Ob Laktoseunverträglichkeit, ein besserer Geschmack oder schlicht und ergreifend der „Umwelt-Faktor“: immer mehr Menschen schwören auf pflanzliche Alternativen zur Kuhmilch. Sie kommen nicht nur im Kaffee, sondern auch im Müsli oder beim Backen und Kochen zum Einsatz. Doch zwischen den einzelnen Milch-Alternativen gibt es teilweise erhebliche Unterschiede – vor allen Dingen in der Verfügbarkeit im normalen Supermarkt, aber auch im Geschmack. Der ist in den meisten Fällen dafür ausschlaggebend, für welche Alternativen zur Kuhmilch sich Menschen entscheiden.

In diesem Artikel erfährst du:

  • Welche Milch-Alternativen es gibt
  • Was du bei Alternativen zu Milch beachten solltest
  • Warum Pflanzendrinks nicht als Milch bezeichnet werden dürfen

Worauf du bei Milch-Alternativen achten solltest

Pflanzendrinks sind eine Alternative zu herkömmlicher Kuhmilch, die komplett ohne tierische Bestandteile auskommen und beispielsweise aus Hafer, Mandeln, aber auch Erbsen und Sojabohnen gewonnen werden. Sie eignet sich für Menschen, die normale Milchprodukte nicht vertragen, sich aus gesundheitlichen oder ethischen Gründen pflanzlich oder vegan ernähren möchten, für die Nachhaltigkeit einen wichtigen Aspekt in ihrer Ernährung ausmacht oder denen Kuhmilch einfach nicht so gut schmeckt.
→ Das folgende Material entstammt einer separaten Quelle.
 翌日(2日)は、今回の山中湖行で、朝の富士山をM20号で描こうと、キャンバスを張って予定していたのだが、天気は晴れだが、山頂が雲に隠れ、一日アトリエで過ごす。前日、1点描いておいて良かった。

Pflanzlicher Milchersatz darf nicht als „Milch“ bezeichnet werden, weshalb die Alternativen üblicherweise Zusätze wie „Drink“ oder „Getränk“ im Namen tragen. In der Verordnung (EWG) Nr. 1898/87 des Rates vom 2. Juli 1987 über den Schutz der Bezeichnung der Milch und Milcherzeugnisse bei ihrer Vermarktung heißt es dazu: „Die Bezeichnung ‚Milch‘ ist ausschließlich dem durch ein- oder mehrmaliges Melken gewonnenen Erzeugnis der normalen Eutersekretion, ohne jeglichen Zusatz oder Entzug, vorbehalten.“

Worin unterscheiden sich die unterschiedlichen Alternativen?
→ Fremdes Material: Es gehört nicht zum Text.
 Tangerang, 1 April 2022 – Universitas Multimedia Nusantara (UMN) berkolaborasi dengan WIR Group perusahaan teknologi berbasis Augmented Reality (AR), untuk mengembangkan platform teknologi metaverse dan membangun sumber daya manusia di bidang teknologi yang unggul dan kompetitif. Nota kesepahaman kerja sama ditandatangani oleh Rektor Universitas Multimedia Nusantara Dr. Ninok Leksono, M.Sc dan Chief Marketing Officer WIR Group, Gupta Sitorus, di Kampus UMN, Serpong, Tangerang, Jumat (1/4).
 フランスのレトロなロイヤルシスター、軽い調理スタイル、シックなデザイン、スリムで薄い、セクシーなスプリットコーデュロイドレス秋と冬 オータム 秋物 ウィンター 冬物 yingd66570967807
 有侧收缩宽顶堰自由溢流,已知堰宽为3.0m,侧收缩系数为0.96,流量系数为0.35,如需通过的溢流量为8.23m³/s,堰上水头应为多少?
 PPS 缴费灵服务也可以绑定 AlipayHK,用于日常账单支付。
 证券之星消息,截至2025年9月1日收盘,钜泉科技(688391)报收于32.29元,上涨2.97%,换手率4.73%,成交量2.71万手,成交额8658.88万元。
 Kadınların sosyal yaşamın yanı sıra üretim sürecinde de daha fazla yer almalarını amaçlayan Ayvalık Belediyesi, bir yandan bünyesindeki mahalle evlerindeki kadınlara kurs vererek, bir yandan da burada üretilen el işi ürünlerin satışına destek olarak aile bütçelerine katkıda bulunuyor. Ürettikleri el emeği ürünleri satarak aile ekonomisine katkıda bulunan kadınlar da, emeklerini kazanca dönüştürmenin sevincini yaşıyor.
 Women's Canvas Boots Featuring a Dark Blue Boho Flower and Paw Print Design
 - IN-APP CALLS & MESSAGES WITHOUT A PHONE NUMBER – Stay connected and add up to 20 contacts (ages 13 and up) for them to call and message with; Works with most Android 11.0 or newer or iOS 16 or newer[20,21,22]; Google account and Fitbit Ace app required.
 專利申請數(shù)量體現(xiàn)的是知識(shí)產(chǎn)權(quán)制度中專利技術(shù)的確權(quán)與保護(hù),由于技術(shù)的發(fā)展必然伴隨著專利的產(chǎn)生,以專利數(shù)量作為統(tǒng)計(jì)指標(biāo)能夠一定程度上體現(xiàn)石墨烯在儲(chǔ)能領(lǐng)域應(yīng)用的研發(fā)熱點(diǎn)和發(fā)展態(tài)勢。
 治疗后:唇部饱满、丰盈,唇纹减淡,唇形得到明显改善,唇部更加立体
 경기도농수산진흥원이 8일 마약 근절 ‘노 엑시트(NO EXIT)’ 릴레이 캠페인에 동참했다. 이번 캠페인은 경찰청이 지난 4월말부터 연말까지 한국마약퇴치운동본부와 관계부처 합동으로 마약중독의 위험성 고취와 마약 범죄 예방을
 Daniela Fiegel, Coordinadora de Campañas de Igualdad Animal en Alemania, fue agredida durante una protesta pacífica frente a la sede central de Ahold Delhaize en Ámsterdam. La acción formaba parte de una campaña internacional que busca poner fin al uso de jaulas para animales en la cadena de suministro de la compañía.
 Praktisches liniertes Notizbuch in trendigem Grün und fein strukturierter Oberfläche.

Die einzelnen Alternativen unterscheiden sich teilweise erheblich untereinander – nicht nur in ihrem Geschmack, sondern auch in den Punkten Nachhaltigkeit, Nährstoffgehalt, der Menge an Zucker, Kalorien und Konsistenz.

Daneben eignet sich nicht jede Milch-Alternative für all die Zwecke, für die man Kuh-Milch benutzen kann. So lässt sich mit Mandelmilch zum Beispiel ganz hervorragend backen, in Kaffee allerdings neigt sie dazu, unschön zu flocken und sich vom Rest des Getränks abzusetzen. Zudem lässt sich nicht jede Sorte so schön aufschäumen wie „echte Milch“. Wer im Kaffee also nicht auf seinen schönen Milchschaum verzichten möchte, sollte beim Kauf von Alternativen auf den Zusatz „aufschäumbar“ oder „Barista“ achten.
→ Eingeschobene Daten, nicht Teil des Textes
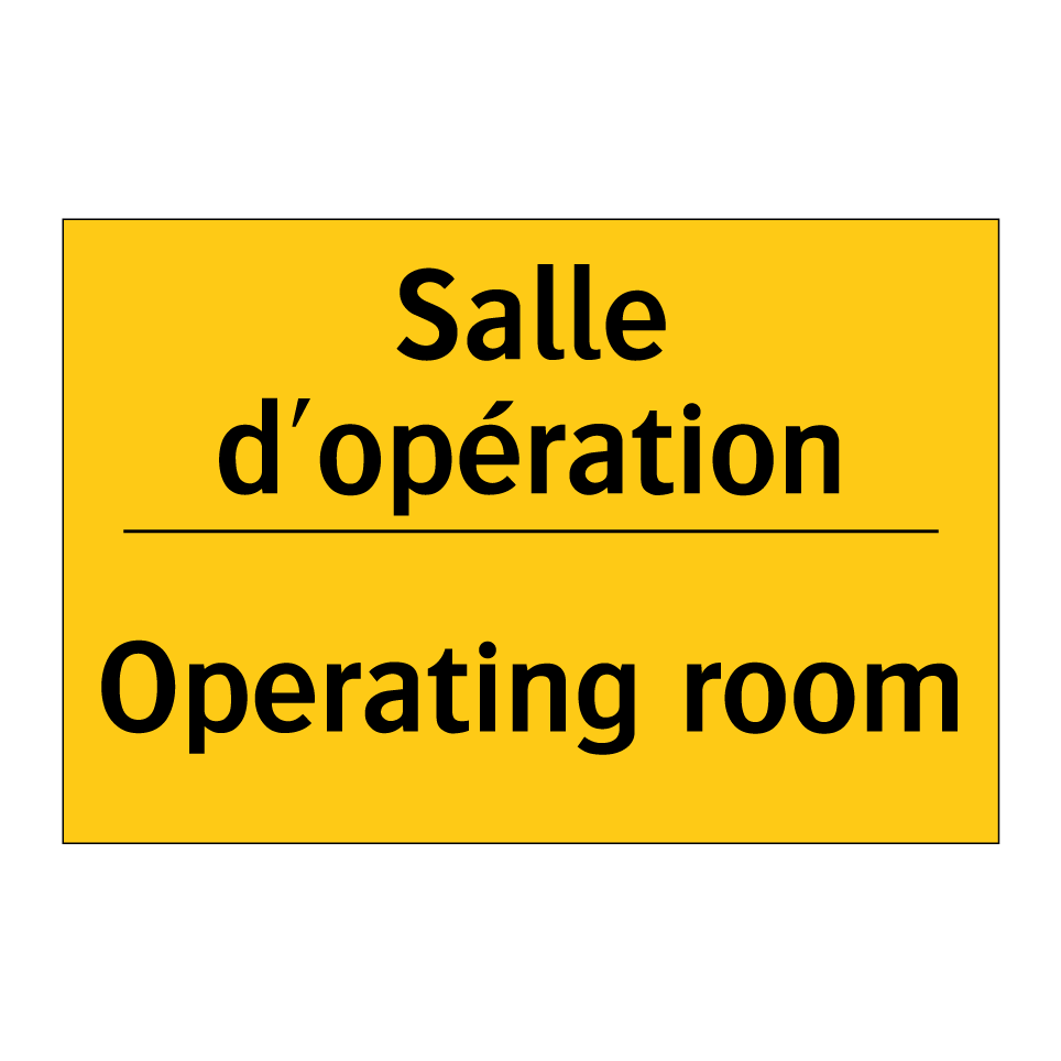 Panneau d'avertissement bilingue avec texte en français : "Salle d'opération", et en anglais : "Operating room"
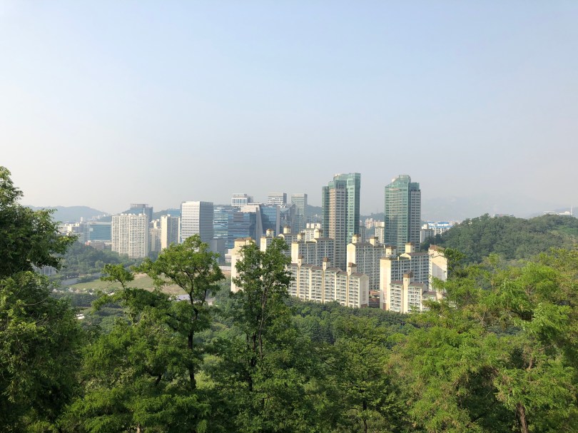 Konon Haneul Park ini sangat indah saat musim gugur tapi ternyata lumayan juga saat awal musim panas. Daun-daun terlihat hijau dan pemandangan ke arah pusat kota Seoul sangat indah. Ada juga beberapa dekorasi yang memang dipasang sebagai properti foto seperti bangku taman, ayunan, menara pandang, dan beberapa rumah burung.

Sind sie umweltschonender als Milch?

Hier lautet die Antwort: Kommt ganz darauf an! Während einige Drinks einen guten ökologischen Fußabdruck haben, fallen andere im Vergleich zu Kuhmilch aufgrund der Art ihres Anbaus oder der weiten Reise, die sie zurücklegen müssen, bis sie bei uns im Supermarkt stehen können, eher schlecht aus.

Je nach Studie und Kontext ist der Umweltfaktor einzelner Milchalternativen also ganz unterschiedlich zu bewerten, weshalb Nachhaltigkeit für dich nicht das schlagende Argument sein sollte, um auf diese Produkte umzusteigen.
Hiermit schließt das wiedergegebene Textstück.